STUDY MATERIAL below:

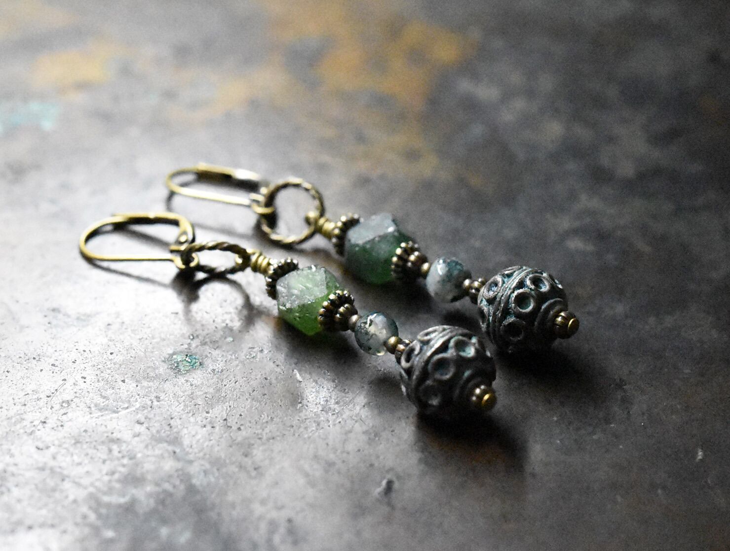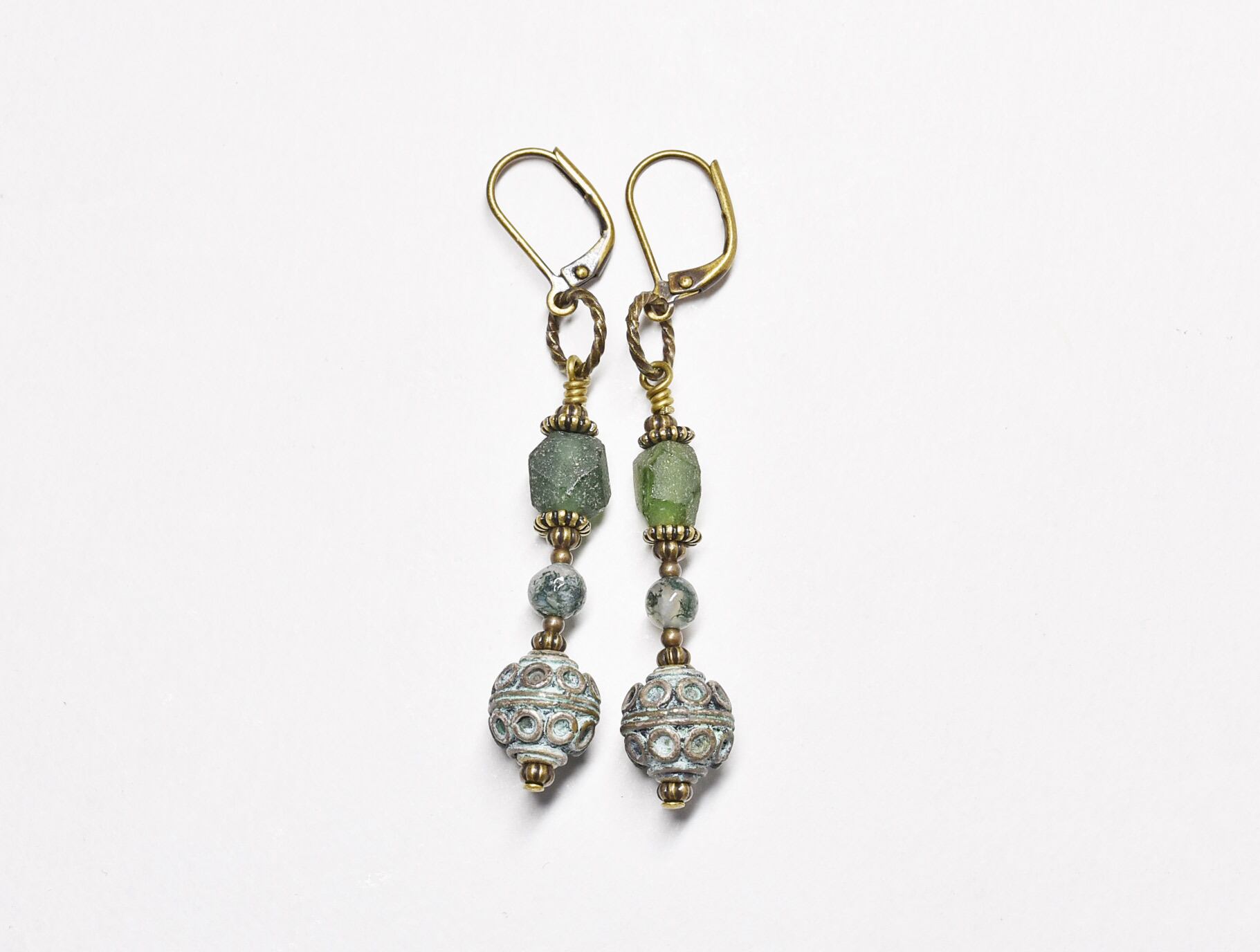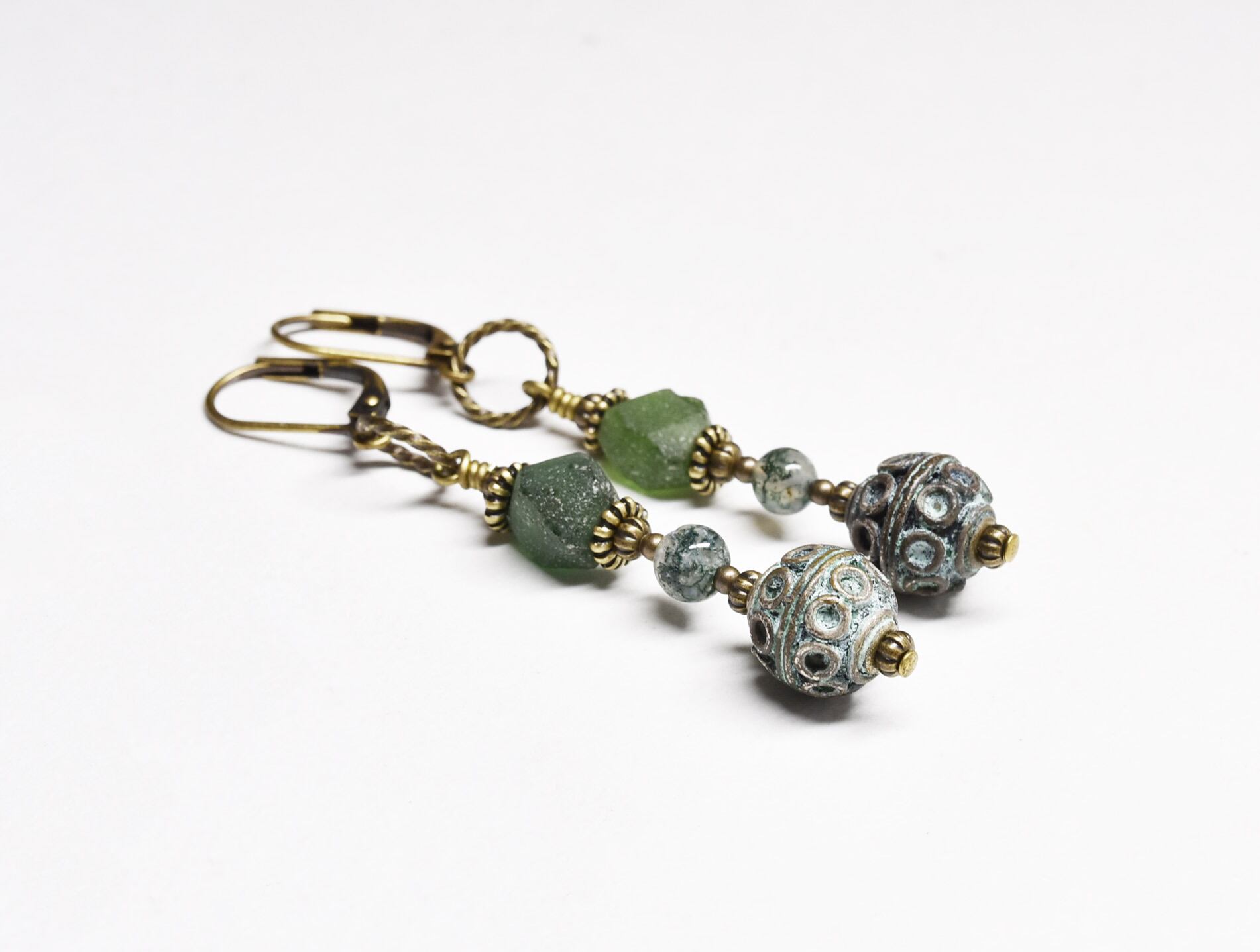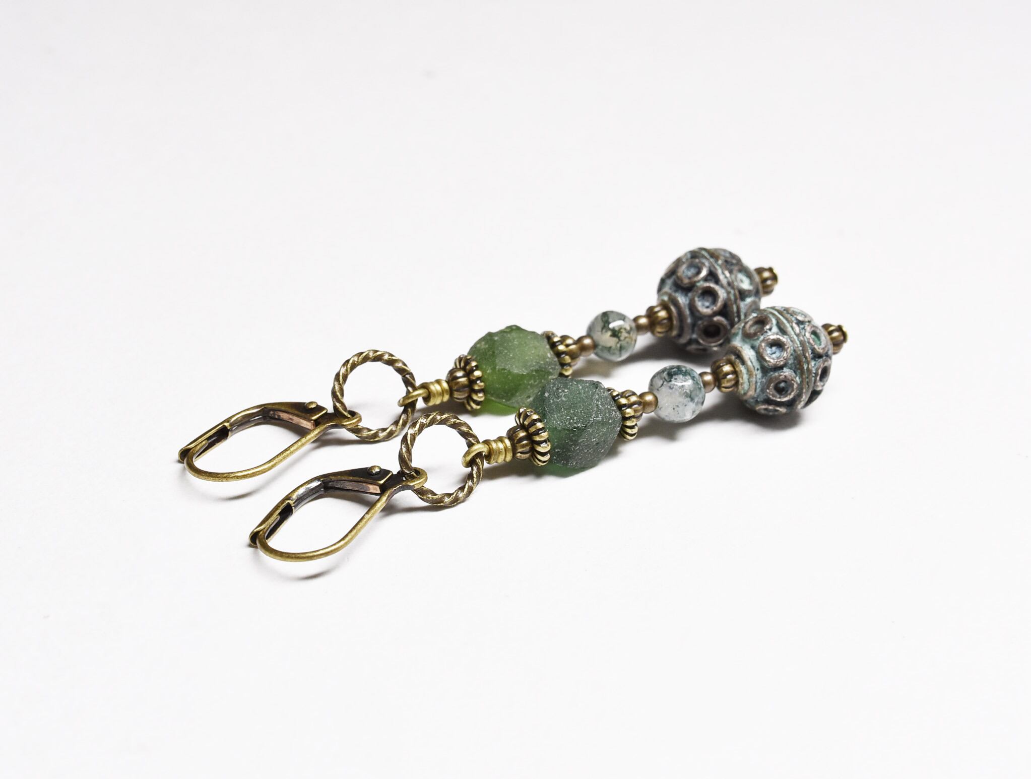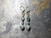 アフガニスタンのメタルパーツと、インディアンアゲート、ローマングラスを繋いだピアスです。
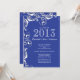Start off your classy class of 2013 graduation event right with our elegant, classic & stylish white vintage flourish scroll design graduation party announcement invitation set on a blue background. modern graduation invitation for a high school graduation or college graduation. Easy to personalise, just fill in your grad information and you're all set to go. Visit our shop at www.celebrateitgraduations.com for a large assortment of trendy graduation invitations!
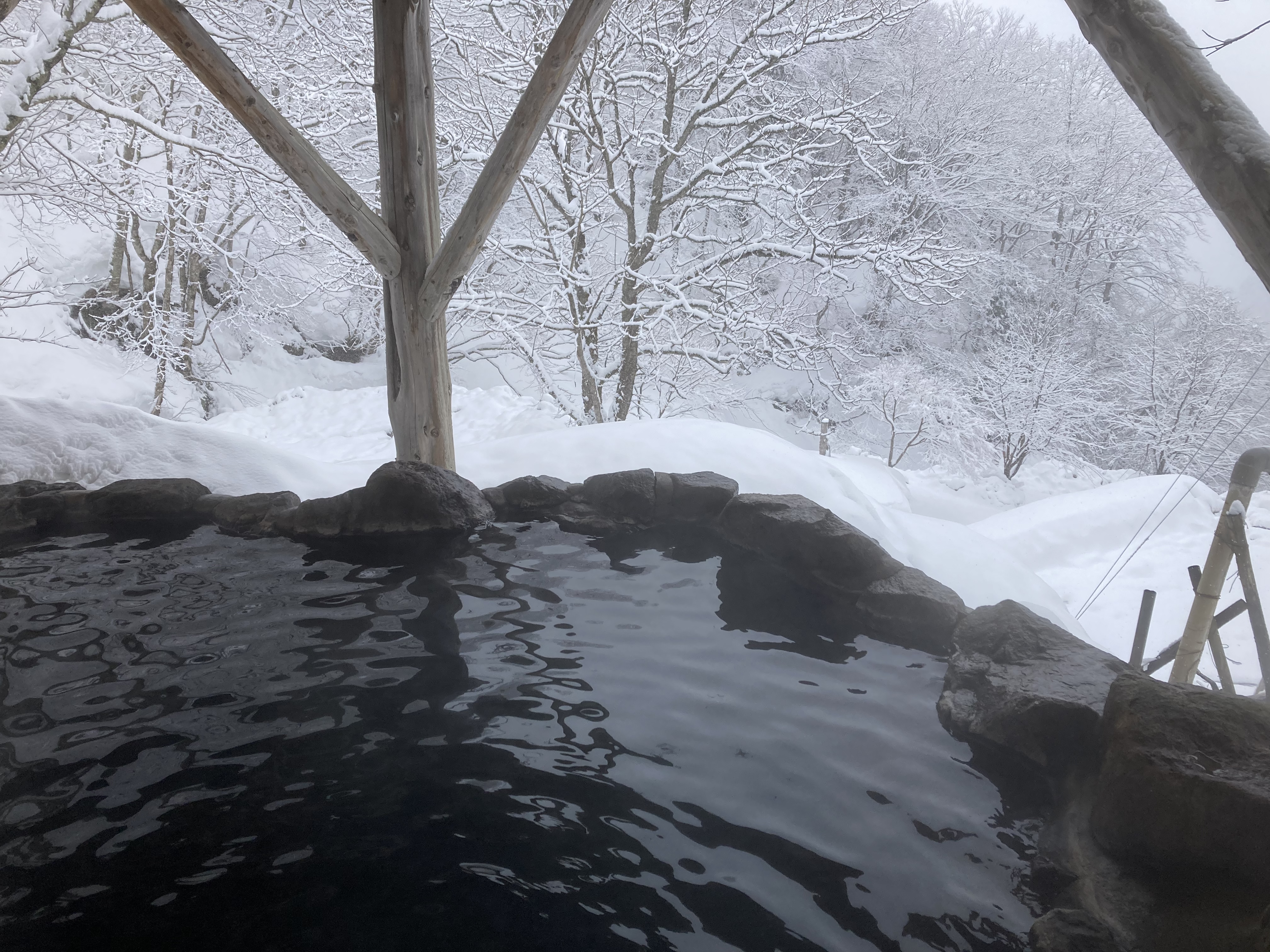 露天風呂で朝飯までのんびり湯につかる。
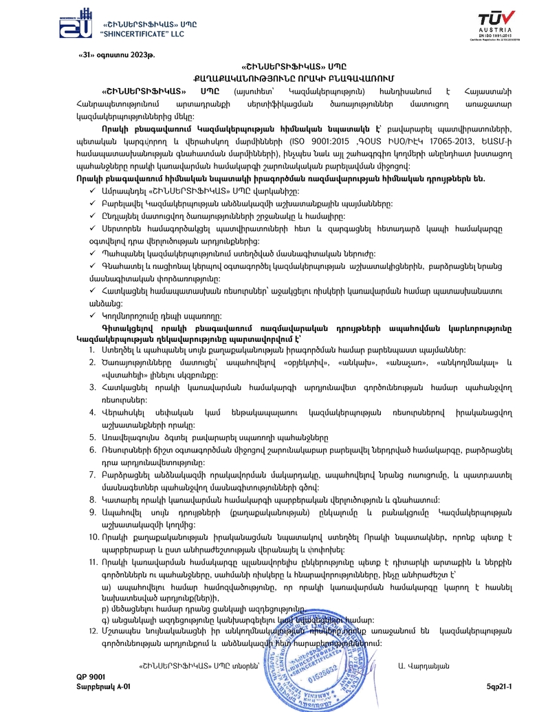 «Շինսերտիֆիկատ» ՍՊԸ ունի ներդրված Որակի կառավարման համակարգ (ՈԿՀ), որը 2009 թվականի օգոստոսի 27-ից սերտիֆիկացվել է միջազգային ճանաչում ունեցող գերմանական TUV NORD CERT GmbH սերտիֆիկացման մարմնի կողմից, իսկ 2022 թվականի մարտի 2-ից ավստրիական TUV AUSTRIA CERT GMBH սերտիֆիկացման մարմնի կողմից՝ ըստ ԻՍՕ 9001 միջազգային ստանդարտի պահանջների:
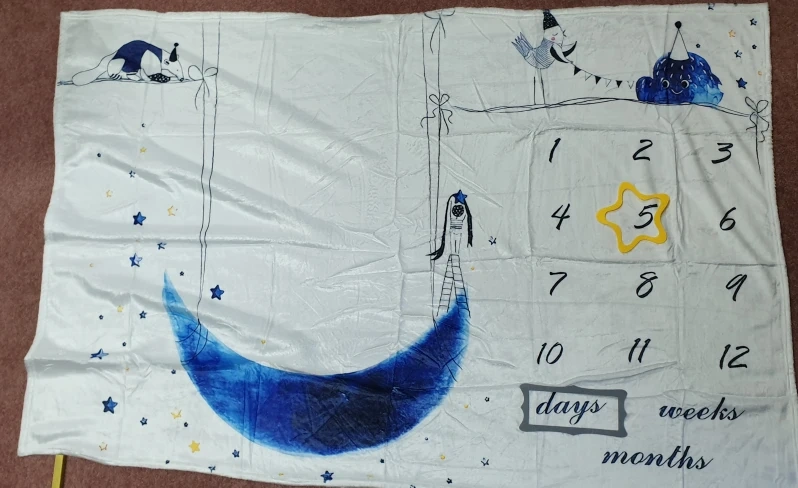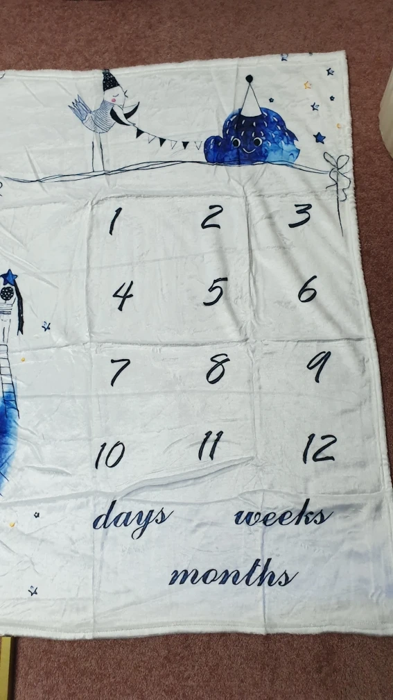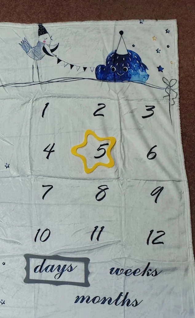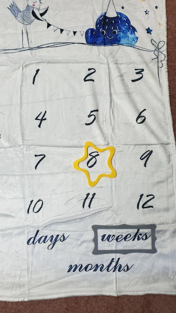 New, Opened to take pictures for the ad. I'm selling a baby milestone blanket, perfect for tracking your little one's growth! It has numbers 1-12, labelled for days, weeks, and months. Comes with a star-shaped marker to highlight the current milestone. It's in great condition and ready for a new home! Cash only please.

End of STUDY MATERIAL.

ASSIGNED TASK:
The answer should consist only of the lines above from the one with "Start off your" through the one with "ՍՊԸ ունի ներդրված", repeated exactly, with no pictures among them.

TASK ANSWER:
Start off your classy class of 2013 graduation event right with our elegant, classic & stylish white vintage flourish scroll design graduation party announcement invitation set on a blue background. modern graduation invitation for a high school graduation or college graduation. Easy to personalise, just fill in your grad information and you're all set to go. Visit our shop at www.celebrateitgraduations.com for a large assortment of trendy graduation invitations!
 露天風呂で朝飯までのんびり湯につかる。
 «Շինսերտիֆիկատ» ՍՊԸ ունի ներդրված Որակի կառավարման համակարգ (ՈԿՀ), որը 2009 թվականի օգոստոսի 27-ից սերտիֆիկացվել է միջազգային ճանաչում ունեցող գերմանական TUV NORD CERT GmbH սերտիֆիկացման մարմնի կողմից, իսկ 2022 թվականի մարտի 2-ից ավստրիական TUV AUSTRIA CERT GMBH սերտիֆիկացման մարմնի կողմից՝ ըստ ԻՍՕ 9001 միջազգային ստանդարտի պահանջների:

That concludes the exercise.